Random Sparse Sampling and Equal Intervals Bregman High-Resolution Signal Reconstruction1 Guojun Qin1, Jingfang Wang2 1 – School of Mechanical Engineering, Hunan International Economics University, Changsha, China 2 – School of Electrical & Information Engineering, Hunan International Economics University, Changsha, China DOI 10.2412/mmse.74.23.960 provided by Seo4U.link

Keywords: compressed sensing, random sampling, incoherent measurement matrix, sparse sampling, Bregman reconstruction.

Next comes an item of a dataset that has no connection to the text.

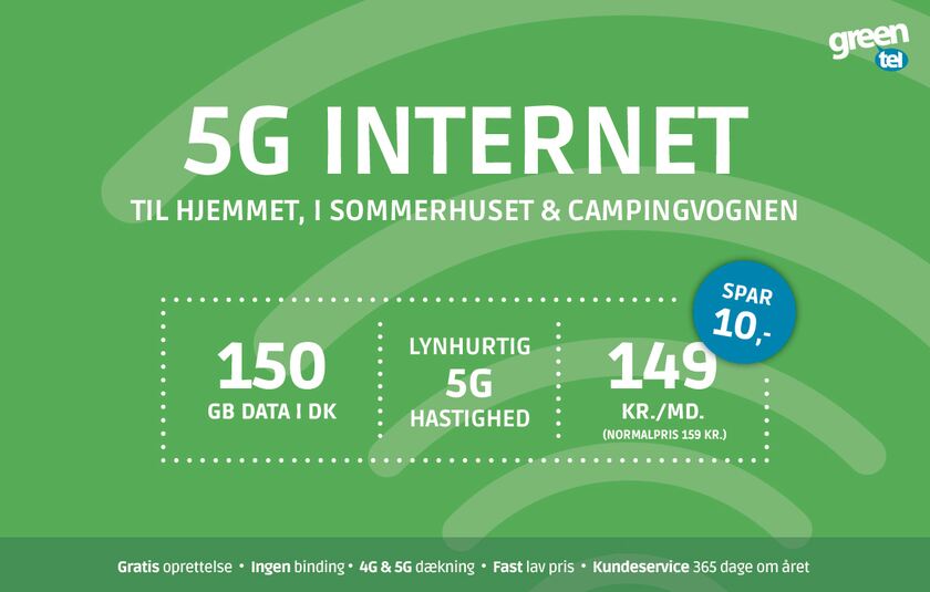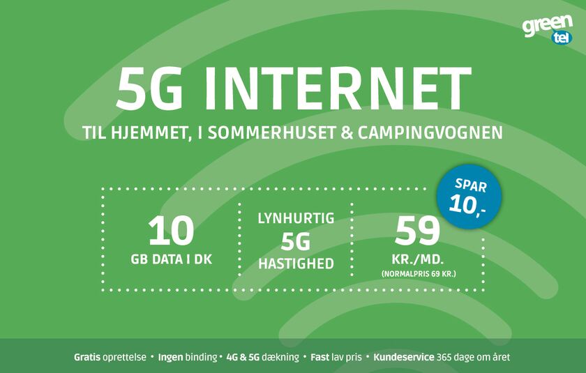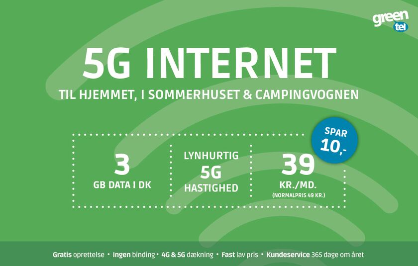 Hos Greentel kan du få 5G internet fra 39 kr./md. Der er ingen dyre installationer, du skal blot sætte et simkort i en router og så har du internet. Der er gratis oprettelse og ingen binding.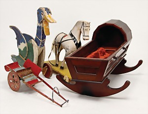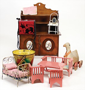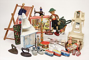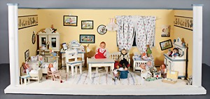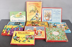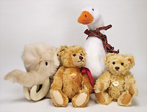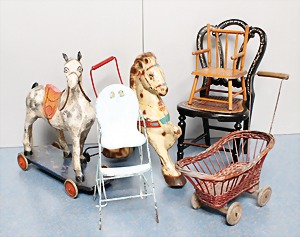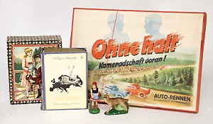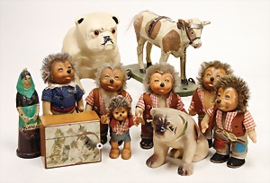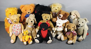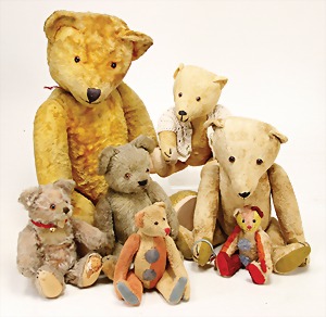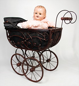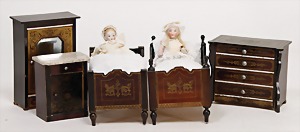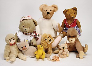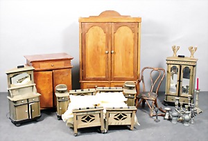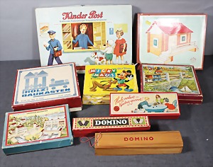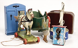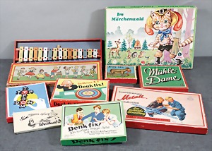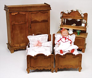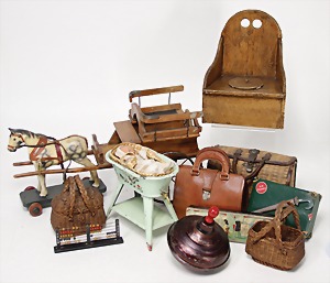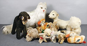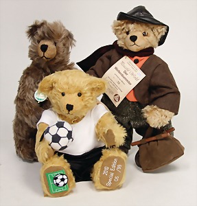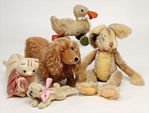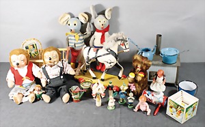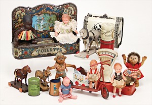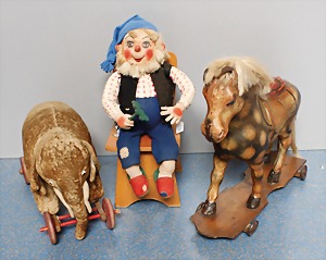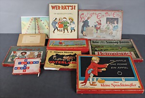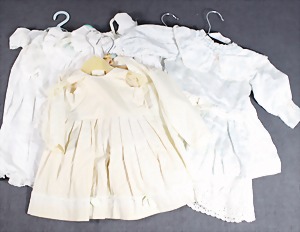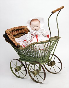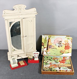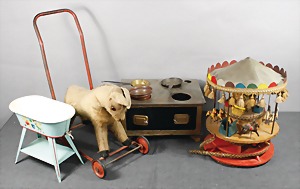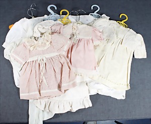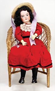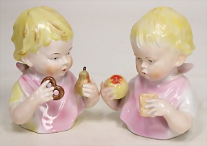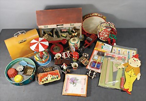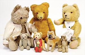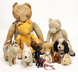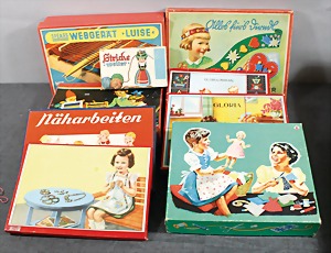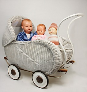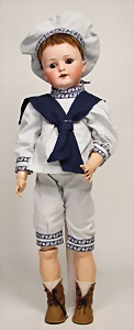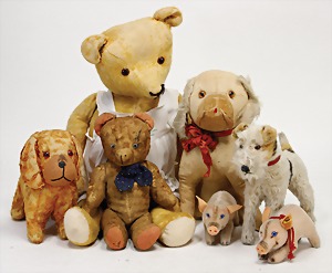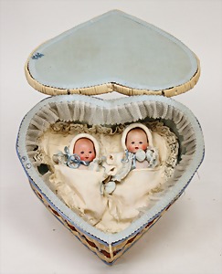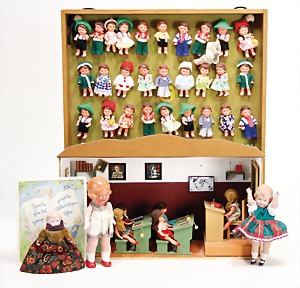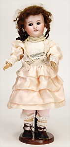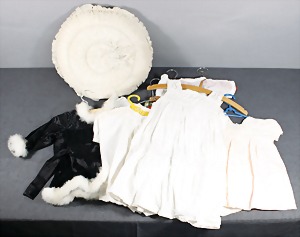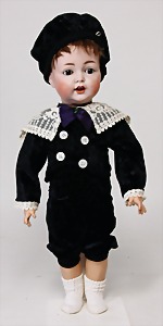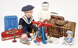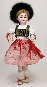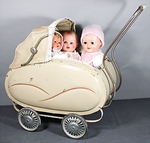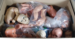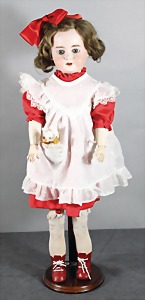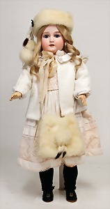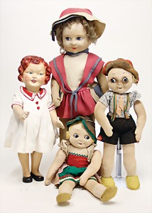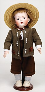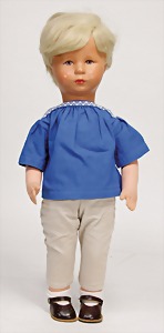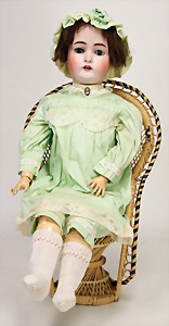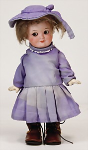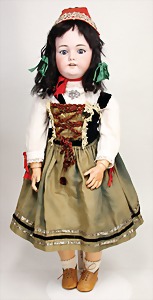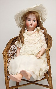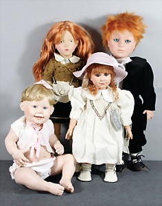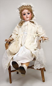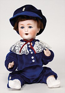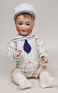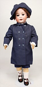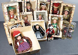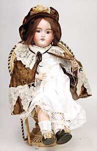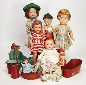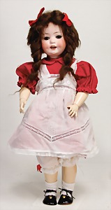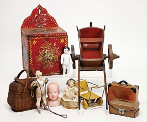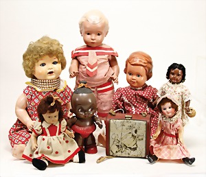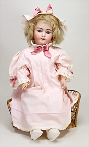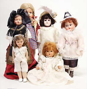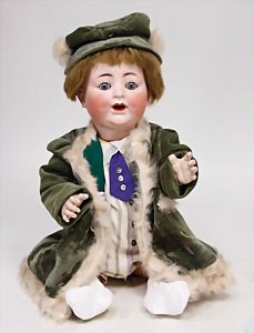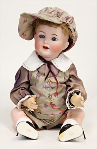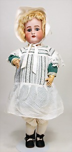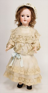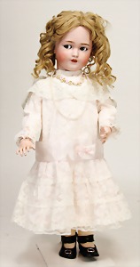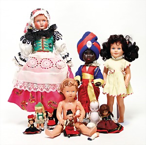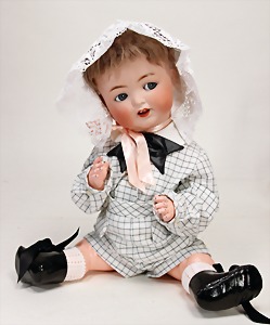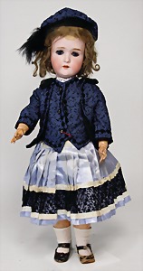 3 Puppen, 1 x Porzellan, gem. AM 360N, Hinterkopf geklebt, blaue fest eingesetzte Glasaugen, off. Mund, Zähne, Echthaarperücke, Masse-Sitzbabykörper, mit abstehendem Zeh, Körper stark bespielt, stellenw. überstrichen, 29 cm, 1 x Masse-Puppe, gem. Heubach Köppelsdorf 342, blaue Schlafaugen, off. Mund, Zähne, Echthaarperücke, Masse-Stehbabykörper, rechter Fuß fehlt, 25 cm, 1 x Kunststoff-Puppe, gem. Pedygree Made in England, blaue Schlafaugen, off. Mund, Zähne, Kunsthaarperücke, 39 cm

ABSTRACT. Compressed sensing (CS) is a new signal processing methods, signal sampling and reconstruction are processed to take full advantage of the signal sparse knowledge structure in the transform domain. It consists of three elements: the sparse matrix, incoherent measurement matrix and reconstruction algorithm. In the framework of compressed sensing theory, the sampling rate is no longer decided in the bandwidth of the signal, but it depends on the structure and content of the information in the signal. In this paper, a complex domain random observation matrix is designed and interval samples are projected to any set of random sample, ie, sparse random sampling. The signal is successfully restored by the use of Bregman algorithm. The signal is described in the transform space, and a theoretical framework is established with a new signal descriptions and processing. By making the case to ensure that the information loss, signal is sampled at much lower than the Nyquist sampling theorem requiring rate, but also the signal is completely restored in high probability. The sparse signal is simulated in sampling and reconstruction of time domain and frequency domain, and the signal length, the measured value, the signal sparse level and SNR influence are analyzed in the reconstruction error.

Introduction. Sampling theorem was the law which is followed in a sampling process, it described the relationship between the sampling frequency and the frequency spectrum of the signal. Sampling theorem was first proposed by Nyquist in 1928, who is the American telecommunications engineer, this theorem was clearly stated and formally incorporated theorem in 1948 by the founder Shannon of information theory , so it is called Shannon sampling theorem in many references. The theory dominates almost all of the signals / images acquisition, processing, storage, transmission, etc., that is: when the highest frequency of a signal is

m ,



The sampling rate as long as the 2 m is sampled to this signal, signal can be perfectly reconstructed. This is a problem with sufficient but not necessarily, if two samples are taken to a waveform with the highest frequency, they are with necessary and sufficient, then the other one cycle of all frequency waves gather more than two samples - adequate but not necessary. As can be seen, Shannon sampling theorem is not the best, it does not make use of the structural characteristics of the signal itself – sparsity (with respect to the signal length, only a very few non-zero coefficients, and the remaining coefficients are zero), only a small part of the collected data is our actual useful work. They want to keep, but most of the rest will have to give up and thus waste a lot of storage space. Nyquist theory codec is that encoding end of the signal is sampled first, and then the samples were all converted and encoded for amplitude and position of one important factor, and finally the coded value were stored or transmitted; decoding of the signal is only the reverse process of encoding, the signal is restored by the de-compression, inverse transform.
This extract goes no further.